# Where to buy basket for logs in Dublin?



## CN624 (22 Oct 2008)

I'm looking for a traditional style basket to hold logs. All I seem to have found are little dainty ornamental type baskets with not so dainty price tags.
I need something that can handle a bit of wear and tear that won't break the bank. 
Any ideas where I can get one?


----------



## kramer2006 (22 Oct 2008)

Stock (across from Wagamama) have them. Not sure they won't break the bank though.


----------



## Smashbox (22 Oct 2008)

I got a great basket in Dunnes this year for turf and firewood.

It was a strong wooden wicker type - not the usual flimsey stuff - and they had it in three sizes, small which was €20, Medium €30 and the large which I got was €40.

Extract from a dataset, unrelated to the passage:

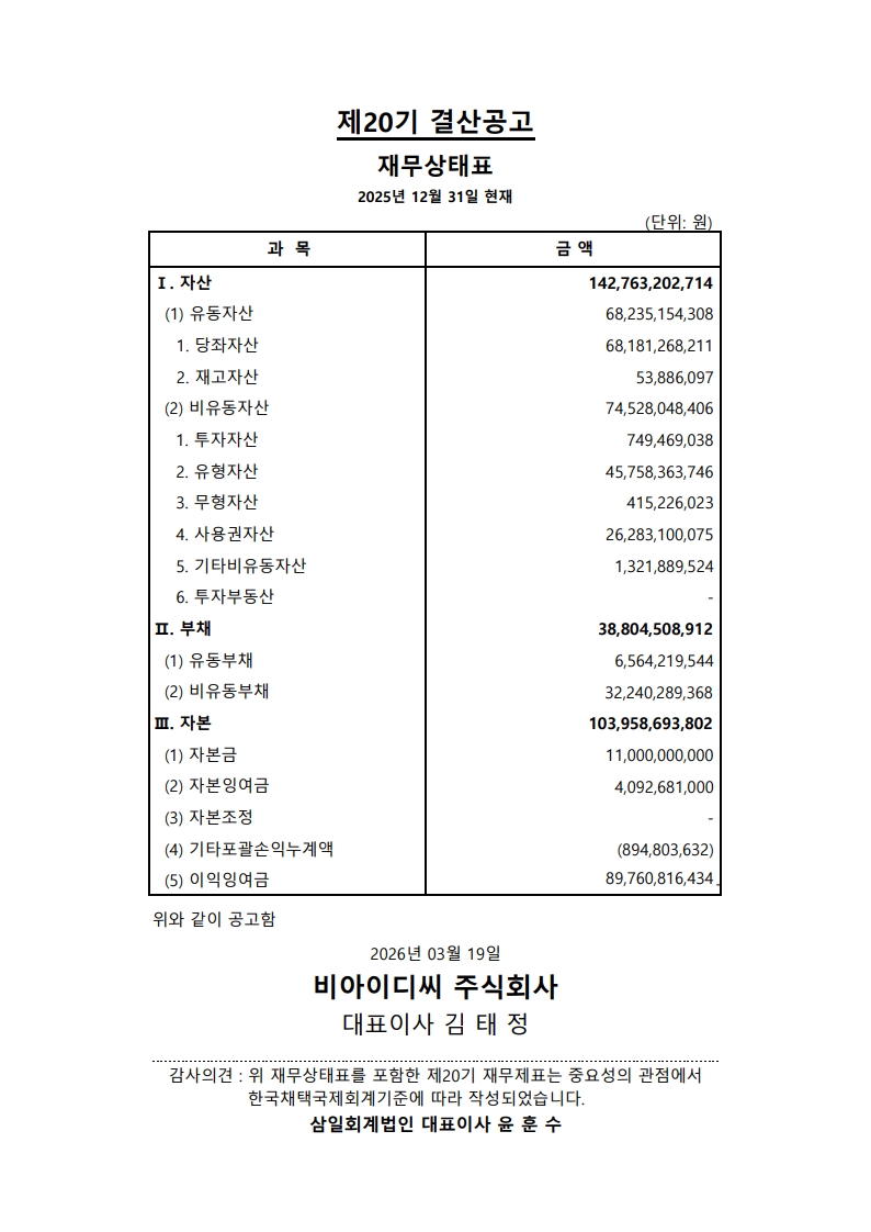 | 6 | 비아이디씨 주식회사 외부감사인 선임 공고 | 관리자 | 2021-03-26 | 814 | |
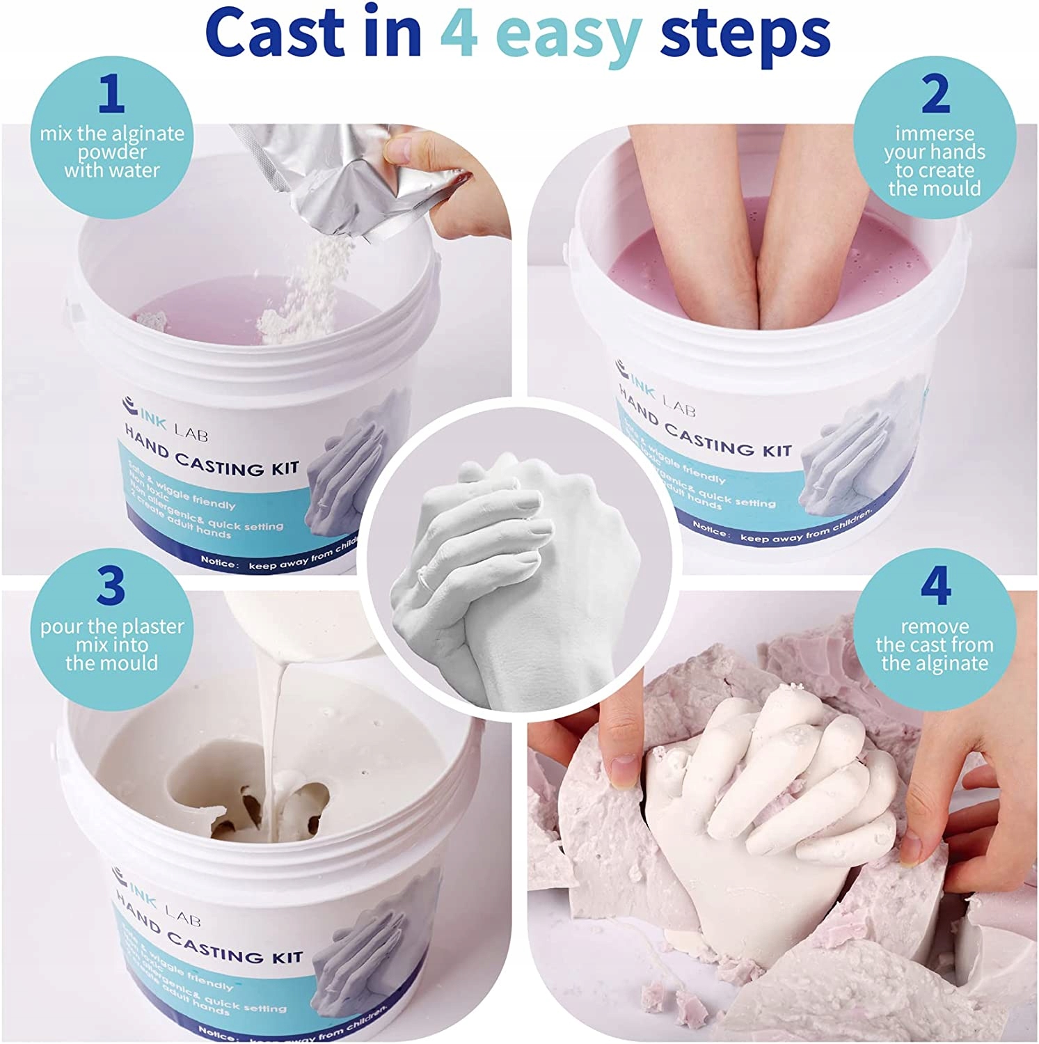 Альгинатный формовочный порошок, изготовленный из натуральных органических морских водорослей, безопасен для чувствительной кожи, биоразлагаем и экологичен. Кроме того, наша штукатурка устойчива к сколам и является долговечным сувениром.

Its had quite a bashing throughout the year and its still in perfect condition. Maybe you could check your nearest shop and see if they have any or if they could order it in for you. It was in the Homewares section and I think it was referred to as a fireside basket or firewood basket or something.


----------



## Smashbox (22 Oct 2008)

I'm not really sure how much you wanted to pay, but this might be worth a look

[broken link removed]


----------



## helsbells (22 Oct 2008)

I saw them in Woodies last week.


----------



## CN624 (22 Oct 2008)

Cheers. I'll try those places out. 

The Larkin ones look great.


----------



## Romulan (22 Oct 2008)

Ditto on the Dunnes baskets - use them for turf and logs with no problems.

Either Lidl or Aldi also do an iron fireplace log holder thingy every now and again.  Also looks look!


----------



## Romulan (22 Oct 2008)

Looks good


----------